The usual method to enforce an arbitration agreement subject to the FAA is a motion to compel arbitration under the FAA. See 9 U.S.C. § 4 (“A party aggrieved by the alleged failure, neglect, or refusal of another to arbitrate under a written agreement for arbitration may petition any United States district court which, save for such agreement, would have jurisdiction under title 28, in a civil action or in admiralty of the subject matter of a suit arising out of the controversy between the parties, for an order directing that such arbitration proceed in the manner provided for in such agreement.”). Although generally this involves a motion to stay the federal court case under § 3 of the FAA and compel arbitration, “[t]here is a growing trend among courts favoring dismissal of a case when all of the claims contained therein are subject to arbitration-resulting in ‘a judicially-created exception to the general rule which indicates district courts may, in their discretion, dismiss an action rather than stay it where it is clear the entire controversy between the parties will be resolved by arbitration.'” Johnson v. Orkin, LLC, 928 F.Supp.2d 989, 1008 (N.D. Ill. 2013), aff'd, 556 Fed.Appx. 543 (7th Cir. 2014) (quoting Green v. SuperShuttle Int'l, Inc., 653 F.3d 766, 769-70 (8th Cir. 2011)).
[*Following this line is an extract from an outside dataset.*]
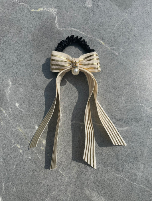 ✨ Elegant Ribbon Hair Tie with Pearl Charm – For Golf & Tennis Style

Additionally, a motion for summary judgment under Rule 56 remains as a vehicle to enforce a valid and binding arbitration clause. When a party files such a motion, a court can determine whether there are any genuine disputes of material fact sufficient to question the binding and enforceable nature of the agreement to arbitrate. In light of the Court's authority under Rules 16, 26, and 56 to control the nature, extent, and timing of discovery and other motion practice in civil litigation, the Court can effectively and efficiently resolve by summary judgment a dispute over whether to enforce a purportedly binding agreement to arbitrate.
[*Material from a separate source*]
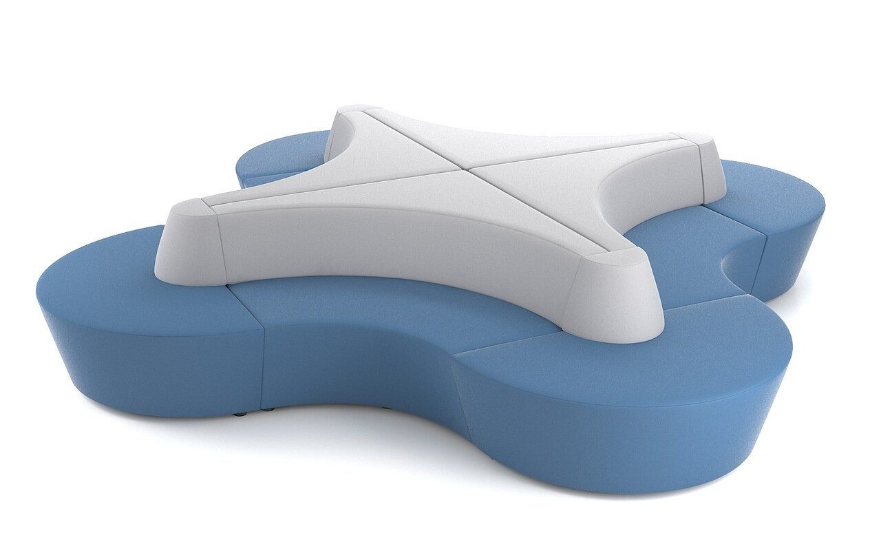 8 элементов со спинками и сиденьями соединяются в композицию без острых углов. Обивка из экокожи выдерживает не менее 50000 циклов истирания.

Considering a motion to enforce an arbitration agreement under Rule 56 also is consistent with analyzing a motion to compel arbitration under the FAA. Under the FAA, “the district court's order to arbitrate is in effect a summary disposition of the issue of whether or not there had been a meeting of the minds on the agreement to arbitrate, ” and thus consideration of a motion to compel arbitration according to the “standard used by district courts in resolving summary judgment motions pursuant to Fed.R.Civ.P. 56(c) . . . is appropriate.” Par-Knit Mills, Inc. v. Stockbridge Fabrics Co., Ltd., 636 F.2d 51, 54 & n. 9 (3d Cir. 1980). Therefore, even when “styled as a motion to dismiss, in a motion to stay proceedings and/or compel arbitration, the appropriate standard of review for the district court is the same standard used in resolving summary judgment motions pursuant to Fed.R.Civ.P. 56(c).” Brown v. Dorsey & Whitney, LLP., 267 F.Supp.2d 61, 67 (D.D.C. 2003) (quoting Technetronics v. Leybold-Geaeus GmbH, 1993 WL 197028, at *2 (E.D. Pa. 1993)).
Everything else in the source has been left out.